Size of the Board
The By-laws provide that the Board of Directors may determine the size of the Board from time to time, and that the Nominating and Governance Committee may recommend to the Board changes in the size of the Board.
In determining whether to change the size of the Board, the Nominating and Governance Committee and Board will be guided by the following principles:
- The Board should generally have no fewer than 10 or more than 14 directors.
- The number of directors at any time will depend upon several factors, including (a) resignations, retirements, and the availability of appropriate, qualified candidates; (b) assuring that the Board has a small enough number to facilitate active discussions and decision-making; and (c) assuring that the Board has a sufficient number of directors to fulfill committee assignments and to provide the appropriate mix of continuity, experience, skills and diversity of viewpoints and backgrounds for the Board and its committees to perform their responsibilities in light of regulatory requirements and current business needs.
Mix of Inside and Independent Directors
Under the Corporation’s By-laws, a majority of Directors must be independent. It is the Board’s objective, however, that a substantial majority of the Directors shall be independent.
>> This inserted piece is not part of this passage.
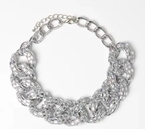 Halsketting met Grote Schakels in Zilveren Steentjes (19,99 euro) Deze prachtige halsketting met grote schakels en zilveren steentjes is de perfecte manier om je feestoutfit wat extra bling te geven. De combinatie van de opvallende schakels en het sprankelende effect zorgt ervoor dat je deze ketting zonder moeite kunt combineren met een strakke jurk of een feestelijke top. Verkrijgbaar in zwart of zilverkleurige steentjes, deze ketting zal je zeker in de spotlights zetten.

On at least an annual basis (and whenever an individual is considered by the Nominating and Governance Committee for election as a director), management will collect information from the Company’s records and, as appropriate, from the individual Directors, to conduct an analysis of each current or prospective Director’s eligibility to be classified as “independent” under the Corporation’s By-laws, Corporate Governance Policy, and applicable statutes and regulations (including applicable listing standards set forth by the New York Stock Exchange and rules and regulations issued by the Securities and Exchange Commission). This analysis shall address each individual’s eligibility to be classified as “independent” for purposes of serving on the Board and on each of the Board’s committees. This analysis shall be submitted to the Nominating and Governance Committee, which shall make a recommendation regarding each individual’s independence to the full Board of Directors, which in turn shall make the final determination of each individual’s independence.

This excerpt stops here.